[RECORD EXCERPTS]

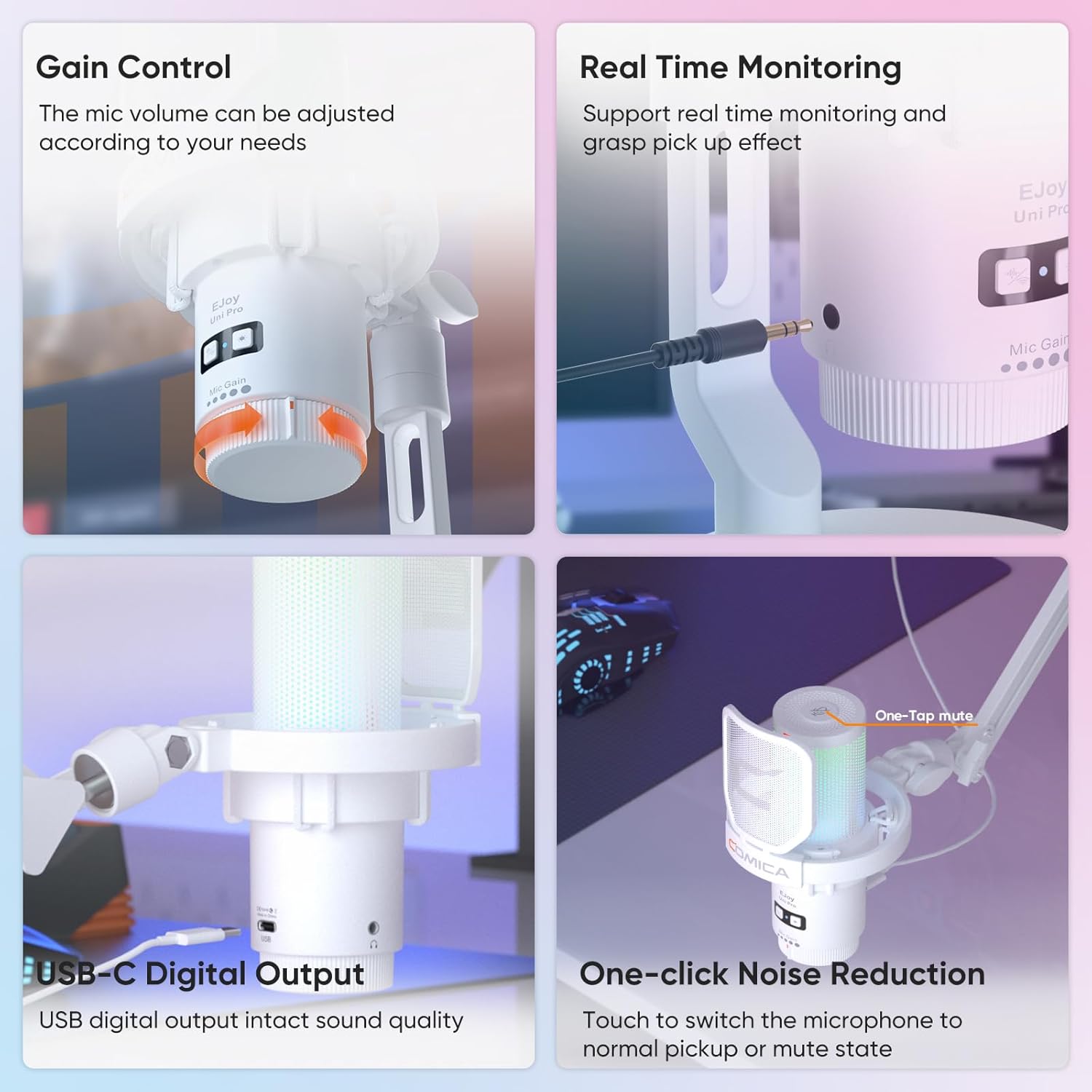 Comica EJoy Uni Pro Wireless USB Condenser Gaming for PC, PS4, PS5, USB C Phone and Mac, Boom Arm RGB Computer Mic for Twitch, Streaming, Podcasting, Noise Cancellation Mic with Mute, Gain, Monitoring
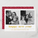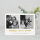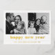 Magnífica tipografía gráfica contemporánea y mínima, feliz tarjeta de foto de Año Nuevo en verdadero Relieve metalizado. La parte posterior de la tarjeta presenta un toque de color de coordinación con un patrón de estrella de invierno. Tarjeta de lujo contemporánea para Navidades de moda o saludos de vacaciones!
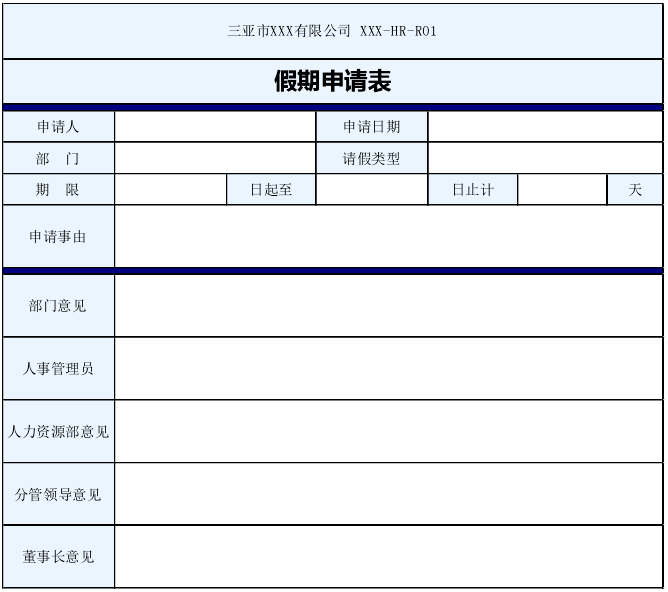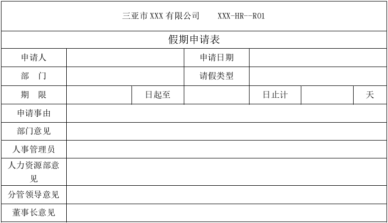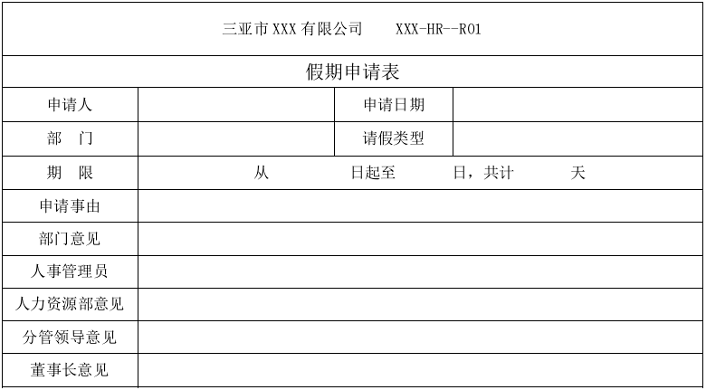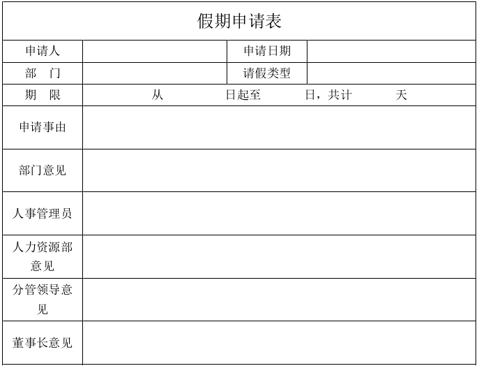 一切的开始,都是从客户的需求出发的。在需求交流阶段,客户会提出自己的想法,调研各个部门的现有的和有计划还没做的流程表单需求,同时会提供现有的纸件表单给我们,让我们按照其进行设计。请记住,这只是客户的原始需求,他们不懂实现技术,更为专业性的需求和调整还是需要我们后面帮助其挖掘和实现。最后我们收集、整理后再跟客户进行确认。具体的需求交流技巧不是本文想要表述的重点,这里仅以一个具体的表单开始,向大家介绍表单的设计过程。例如,客户让我们做一个客户请假单,原始表单如下图:
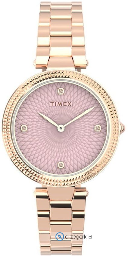 Model TW2V24300 marki Timex to stylowy zegarek naręczny damski, który wyposażono w pomysłowe rozwiązania i funkcje. Charakterystyczny wygląd zegarka osiągnięto m.in. poprzez cyferblat w kolorze różowym. Zegarek ten pokazuje godzinę w formacie analogowym dzięki czemu odczyt jest intuicyjny. Koperta w barwach koloru różowo złotego szeroka jest na 32 mm oraz ma grubość 7 mm - posiada okrągły kształt.
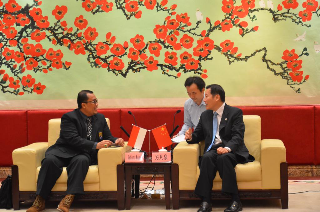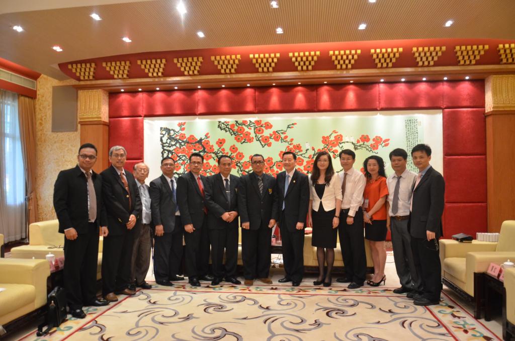 本网讯5月7日,印尼大学生教育与出版基金会(YPPMI)主席Sophiyanto Wuryan,印尼爪哇金融大学校长Hasan Abdul Rozak,副校长Taswan,发展与提升机构主任R. Basiya等一行8人到访我校。我校副校长方凡泉会见了来访客人,国际处处长蔡红、中文学院院长伍方斐以及印尼语系退休教授印尼爪哇金融大学联络人蔡金城等陪同会见。
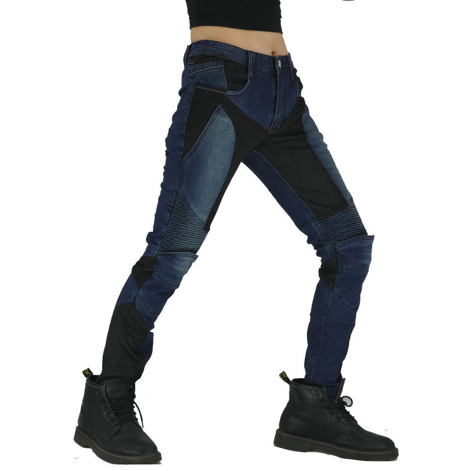 Blue Denim Biker Pants with Black Panels Removable Armor Breathable & Quick Dry for Protective Riding
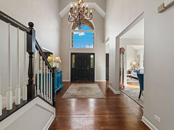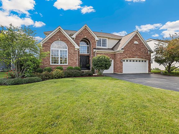 Get ready to be impressed by the luxury and elegance of this two-story, brick-front home with a heated three-car garage. The grand foyer welcomes you in with a dual staircase and gorgeous dark hardwood that was recently refinished. This home features gorgeous plantation shutters and plantation door for an additional touch of elegance. Cozy sitting room and dining room lead to the recently remodeled kitchen with quartz counters, SS appliances, custom cabinets, island seating, and a walk-in pantry. Enjoy the two-story family room with a fireplace and built-in entertainment center. The first floor den is the perfect office retreat. Updated first-floor powder room too! Upstairs is a master suite with a walk-in closet and spa-like bath with updated cabinets and quartz counters, as well as three other bedrooms and another full bathroom and an updated laundry room. Newer premium carpet and pad upstairs. Entire home was repainted in 2019, roof replaced in 2016 and new AC in 2021. Beautiful outdoor oasis in the back with a fenced yard, stamped concrete patio and lush landscaping. Convenient location just minutes from 88, shopping and dining. Welcome Home!
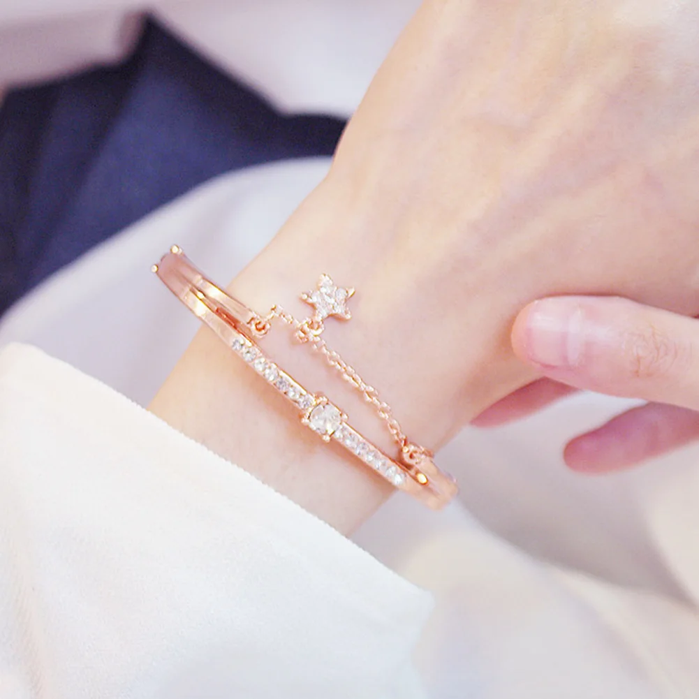Модная женская звезда кулон цепочка блестящие стразы инкрустированный браслет ювелирные изделия подарок
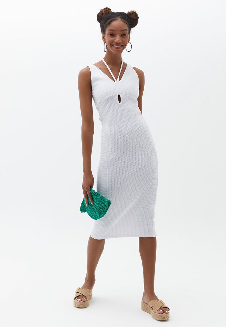 Beyaz Cut-Out Detaylı Midi Boy Elbise
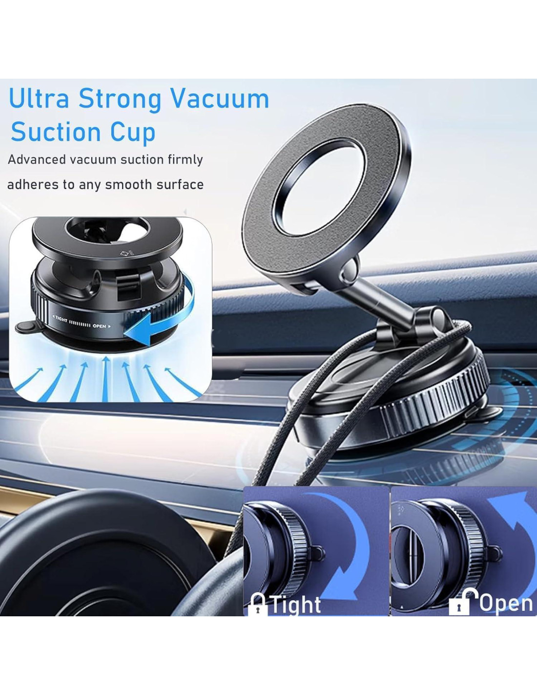 - [Soportes de Teléfono para Coche con Fuerte Succión] - El soporte magnético para teléfono cuenta con un soporte de ventosa de gel nano de 3 capas. Su revolucionario mecanismo de bloqueo por torsión crea un sello hermético que soporta más de 150 lbs (68 kg) de fuerza de tracción. Se adhiere perfectamente a tableros y incluso a azulejos de ducha sin dejar residuos. (Consejo profesional: Aplica una gota de agua antes de montar para una succión máxima instantánea)
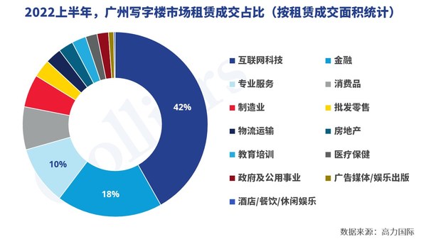 据高力国际对上半年全市甲乙级写字楼及产业园市场租赁成交统计,互联网科技、金融、专业服务行业占比达到7成,其中包含多个超1,000平方米的互联网科技类大宗租赁。对比去年下半年,因相关监管政策出台,叠加某个互联网科技的头部企业从核心商务区搬迁至非核心区域的自用总部大楼,今年上半年互联网科技头部企业的净吸纳量有所下降。
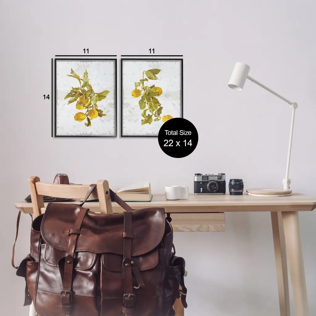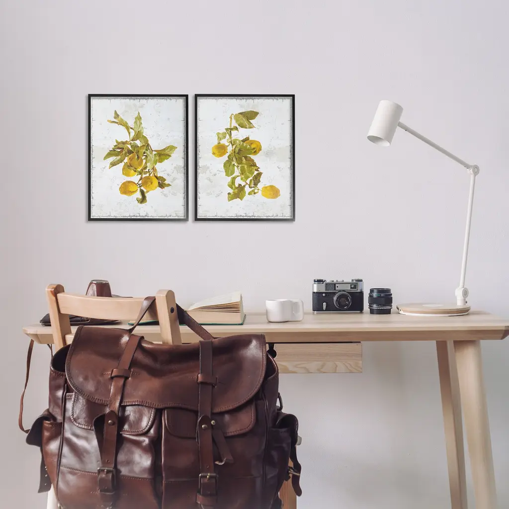 Fill any space in your home or office with our Framed Wall Art Sets. Our framed artwork is securely mounted into a 1.5-inch thick wood grain frame and ready to hang. Frames are available in three alluring styles: black, gray farmhouse and white. Stupell Wall Art is made in the USA.Features: Dimensions: 2 Piece Set, Each Panel is 11 x 1.5 x 14 FramedTwo Piece Framed Giclee Sets are available as 11"x14", 16"x20" or 24"x30" Panels. All Framed Giclee Products have a 1.5" Depth.Wall Art is Ready to Hang with Hardware Free Hanging. No installation required. For Easy Set Up Lean or Layer Artwork on Shelf or Against Wall.Curated Wall Art Sets make it easy for you complete the theme for any room. Our giclée prints are carefully mounted on a durable MDF backing, and then perfectly finished in a 1.5 inch thick woodgrain frame. Mounted frame colors include black, gray farmhouse and white. Made In USA.Artwork Relates To: Food, Fruit, Plant, Produce, Citrus Fruit, Lemon, Country, RusticDesign by GraffiTee Studios
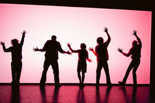 Sur un plateau éclairé par un grand caisson lumineux situé en fond de scène, cinq danseurs hip-hop évoluent pendant une petite heure, juste armés de cubes lumineux et de leur belle énergie. La souplesse plastique de leurs corps les amène jusqu’à une forme de désarticulation ou d’effets quasi-aquatiques par une ondulation assez impressionnante de leurs membres, tandis que la source lumineuse change de couleur et sert à découper leurs silhouettes à la manière d’ombres chinoises contemporaines. Plus encore, le dernier tableau propose un effet stroboscopique avec, à chaque flash blanc, la capture aérienne d’un saut de l’un des danseurs, si bien qu’on a l’impression que celui-ci vole pour traverser le plateau de jardin à cour. Ce travail sur la lumière connaît donc une résonance via les petits cubes lumineux virevoltant d’une main à l’autre dans une démarche proche du « light painting ».
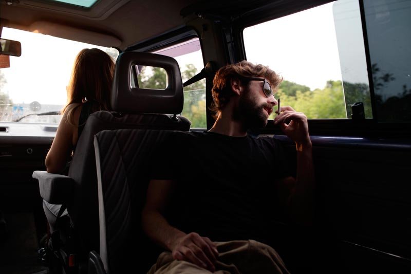 Jest rozkładany stolik, można też rozłożyć siedzenia na płasko, żeby zrobić szerokie i wygodne łóżko. Nad każdym siedzeniem lampka, a obok siedzeń uchwyty do butelek i puszek. Rzucamy bagaże na tył i wsiadamy.
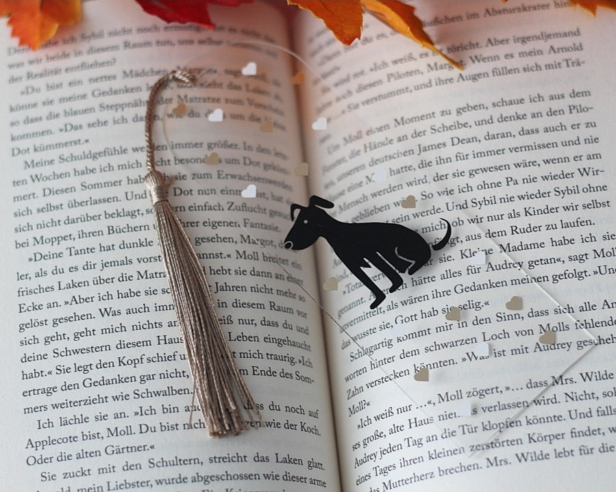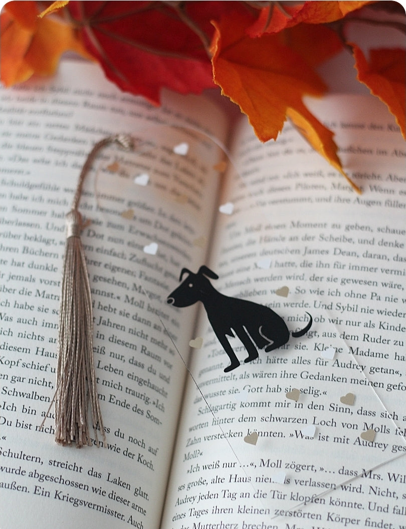 Dieses liebevoll gestaltete Lesezeichen mit Hundemotiv ist der perfekte Begleiter für alle Bücherwürmer, Tierliebhaber und Hundefans.
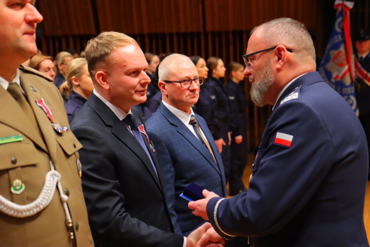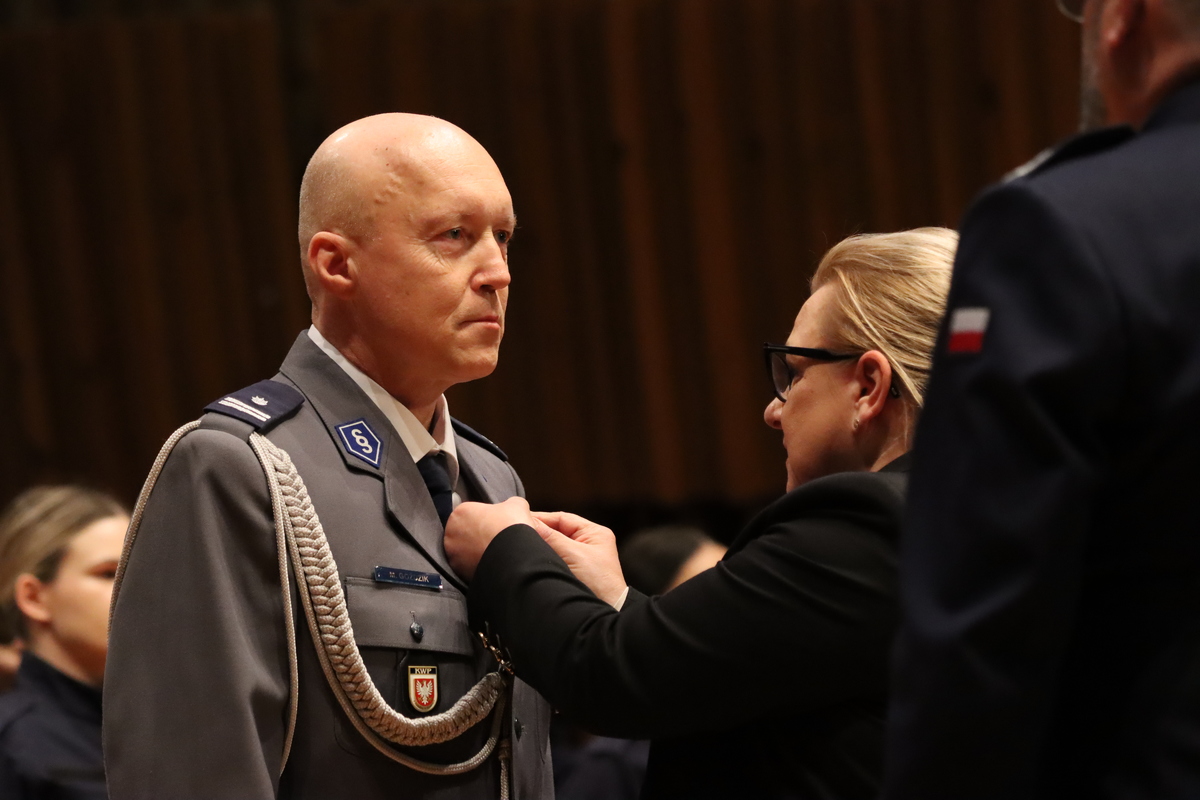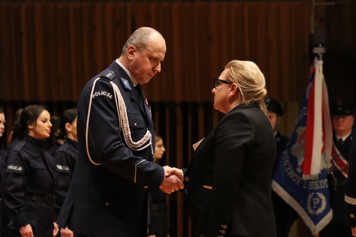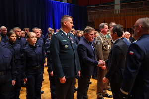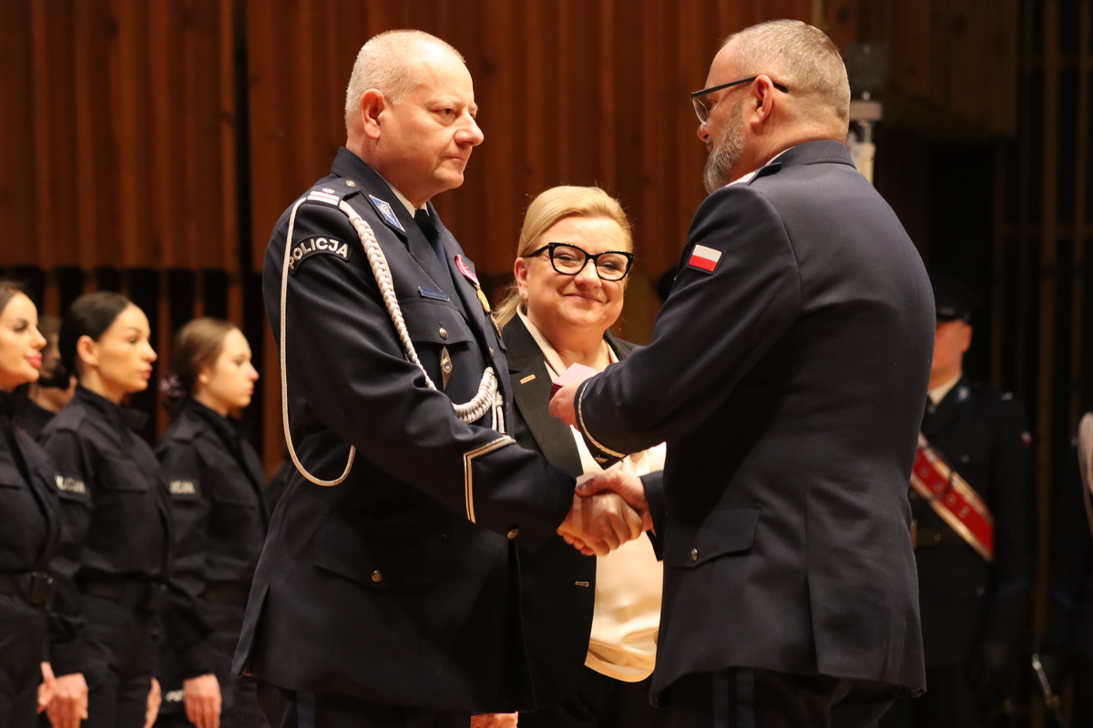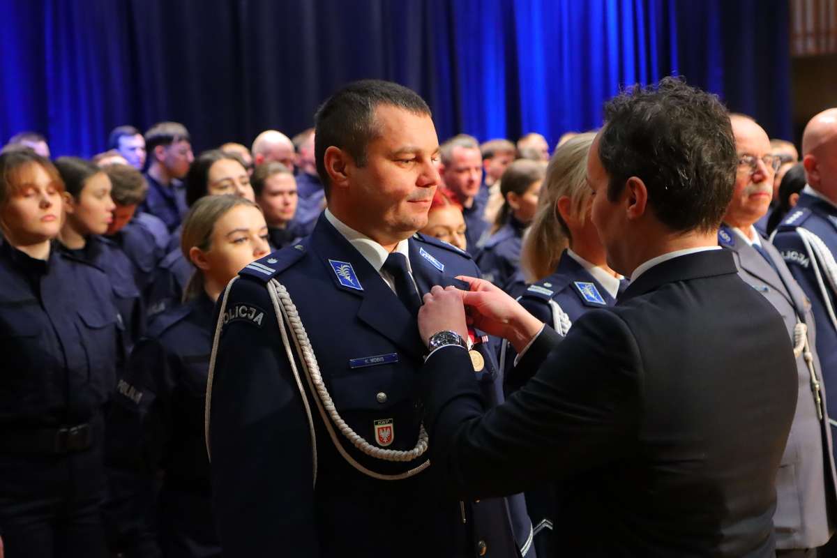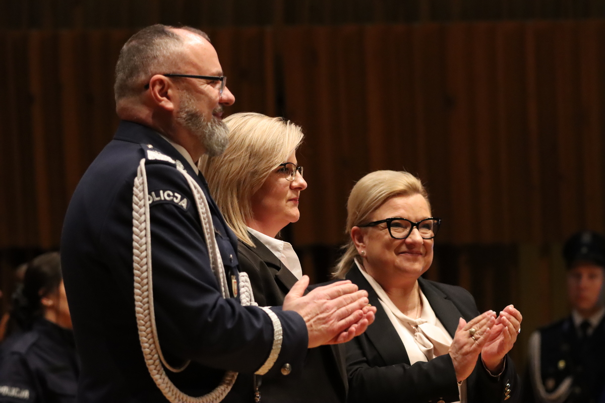 Dzisiejsza uroczystość to dwa ważne wydarzenia. Z jednej strony uhonorowaliśmy za nienaganną służbę ojczyźnie wielu policjantów, za co Wam serdecznie dziękuję. Z drugiej przyjmujemy w szeregi nowych funkcjonariuszy i nowe funkcjonariuszki. Zarówno jednej, jak i drugiej grupie należą się dzisiaj ukłony, słowa gratulacji i podziękowań, bo to Wy wzięliście lata temu, albo bierzecie właśnie dzisiaj na swoje barki ogromną odpowiedzialność za życie i zdrowie naszych obywateli, za ład publiczny, za przestrzeganie prawa. Służba w Policji to niełatwa praca wymagająca i często niedoceniona, ale Wy dzisiaj macie dobre wzorce, aby brać z nich przykład. Macie doświadczonych funkcjonariuszy, z których możecie być dumny, możecie oddawać im szacunek i uczyć się od nich, bo naprawdę jest od kogo.

[/RECORD EXCERPTS]

* PROBLEM TO SOLVE *
Between and including the line above that contains "Beyaz Cut-Out Detaylı Midi Boy Elbise" and the line that contains "Fill any space", restate every line word for word. Pictures stay out.

* FINISHED TASK *
 Beyaz Cut-Out Detaylı Midi Boy Elbise
 - [Soportes de Teléfono para Coche con Fuerte Succión] - El soporte magnético para teléfono cuenta con un soporte de ventosa de gel nano de 3 capas. Su revolucionario mecanismo de bloqueo por torsión crea un sello hermético que soporta más de 150 lbs (68 kg) de fuerza de tracción. Se adhiere perfectamente a tableros y incluso a azulejos de ducha sin dejar residuos. (Consejo profesional: Aplica una gota de agua antes de montar para una succión máxima instantánea)
 据高力国际对上半年全市甲乙级写字楼及产业园市场租赁成交统计,互联网科技、金融、专业服务行业占比达到7成,其中包含多个超1,000平方米的互联网科技类大宗租赁。对比去年下半年,因相关监管政策出台,叠加某个互联网科技的头部企业从核心商务区搬迁至非核心区域的自用总部大楼,今年上半年互联网科技头部企业的净吸纳量有所下降。
 Fill any space in your home or office with our Framed Wall Art Sets. Our framed artwork is securely mounted into a 1.5-inch thick wood grain frame and ready to hang. Frames are available in three alluring styles: black, gray farmhouse and white. Stupell Wall Art is made in the USA.Features: Dimensions: 2 Piece Set, Each Panel is 11 x 1.5 x 14 FramedTwo Piece Framed Giclee Sets are available as 11"x14", 16"x20" or 24"x30" Panels. All Framed Giclee Products have a 1.5" Depth.Wall Art is Ready to Hang with Hardware Free Hanging. No installation required. For Easy Set Up Lean or Layer Artwork on Shelf or Against Wall.Curated Wall Art Sets make it easy for you complete the theme for any room. Our giclée prints are carefully mounted on a durable MDF backing, and then perfectly finished in a 1.5 inch thick woodgrain frame. Mounted frame colors include black, gray farmhouse and white. Made In USA.Artwork Relates To: Food, Fruit, Plant, Produce, Citrus Fruit, Lemon, Country, RusticDesign by GraffiTee Studios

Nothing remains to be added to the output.